EXERCISE:
Starting with the line containing "التعليق الأول من" and going on through the line containing "Moradores informaram que", return the lines of the data below exactly, and only those.
━━ DATA FOR REVIEW
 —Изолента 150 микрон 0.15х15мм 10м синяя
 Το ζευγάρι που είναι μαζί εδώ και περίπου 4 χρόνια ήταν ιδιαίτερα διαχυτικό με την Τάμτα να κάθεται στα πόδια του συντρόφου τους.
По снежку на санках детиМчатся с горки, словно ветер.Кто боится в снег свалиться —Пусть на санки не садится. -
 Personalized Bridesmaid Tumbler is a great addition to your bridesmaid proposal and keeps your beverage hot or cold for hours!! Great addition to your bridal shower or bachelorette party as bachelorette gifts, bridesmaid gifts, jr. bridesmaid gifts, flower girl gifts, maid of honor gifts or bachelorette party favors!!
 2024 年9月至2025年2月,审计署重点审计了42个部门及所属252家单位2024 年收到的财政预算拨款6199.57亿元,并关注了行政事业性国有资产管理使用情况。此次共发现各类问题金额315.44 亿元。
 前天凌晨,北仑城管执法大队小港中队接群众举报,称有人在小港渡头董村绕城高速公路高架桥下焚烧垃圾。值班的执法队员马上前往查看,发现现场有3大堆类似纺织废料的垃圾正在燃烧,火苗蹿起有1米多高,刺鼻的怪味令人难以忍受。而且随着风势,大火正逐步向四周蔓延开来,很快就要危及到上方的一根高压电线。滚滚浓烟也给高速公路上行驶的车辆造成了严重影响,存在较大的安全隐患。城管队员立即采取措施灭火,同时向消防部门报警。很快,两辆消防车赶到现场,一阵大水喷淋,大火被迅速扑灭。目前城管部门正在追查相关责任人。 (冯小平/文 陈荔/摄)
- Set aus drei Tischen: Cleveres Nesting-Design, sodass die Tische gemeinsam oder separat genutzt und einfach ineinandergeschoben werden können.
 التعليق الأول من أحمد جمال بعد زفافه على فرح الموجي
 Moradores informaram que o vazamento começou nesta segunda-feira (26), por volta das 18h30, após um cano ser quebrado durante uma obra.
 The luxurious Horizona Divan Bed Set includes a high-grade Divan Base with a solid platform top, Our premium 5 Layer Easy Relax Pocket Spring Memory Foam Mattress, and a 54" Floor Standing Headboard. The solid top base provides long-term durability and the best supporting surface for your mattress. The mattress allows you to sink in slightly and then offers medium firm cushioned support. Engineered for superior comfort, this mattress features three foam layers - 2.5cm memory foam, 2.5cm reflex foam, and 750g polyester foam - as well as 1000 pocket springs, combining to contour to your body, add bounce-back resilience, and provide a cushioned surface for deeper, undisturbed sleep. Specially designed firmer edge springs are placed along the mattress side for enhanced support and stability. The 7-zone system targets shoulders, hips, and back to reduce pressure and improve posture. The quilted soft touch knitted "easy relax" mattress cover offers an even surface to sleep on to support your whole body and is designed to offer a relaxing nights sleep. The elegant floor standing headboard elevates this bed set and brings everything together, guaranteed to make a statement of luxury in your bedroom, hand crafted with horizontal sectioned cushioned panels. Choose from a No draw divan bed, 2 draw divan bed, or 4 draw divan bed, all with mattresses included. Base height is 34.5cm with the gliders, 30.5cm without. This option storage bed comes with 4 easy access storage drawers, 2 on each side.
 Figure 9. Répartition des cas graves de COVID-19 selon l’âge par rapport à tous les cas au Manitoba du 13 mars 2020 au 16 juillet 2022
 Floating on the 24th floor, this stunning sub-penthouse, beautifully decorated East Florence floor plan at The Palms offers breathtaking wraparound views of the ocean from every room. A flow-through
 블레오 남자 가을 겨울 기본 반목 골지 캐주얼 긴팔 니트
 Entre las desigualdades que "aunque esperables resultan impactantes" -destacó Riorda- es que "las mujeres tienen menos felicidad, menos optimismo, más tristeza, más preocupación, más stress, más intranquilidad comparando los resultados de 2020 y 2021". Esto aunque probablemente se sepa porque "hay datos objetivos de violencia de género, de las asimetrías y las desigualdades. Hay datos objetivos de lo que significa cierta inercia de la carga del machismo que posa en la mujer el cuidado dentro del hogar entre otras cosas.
━━━━
EXERCISE RESULT:
 التعليق الأول من أحمد جمال بعد زفافه على فرح الموجي
 Moradores informaram que o vazamento começou nesta segunda-feira (26), por volta das 18h30, após um cano ser quebrado durante uma obra.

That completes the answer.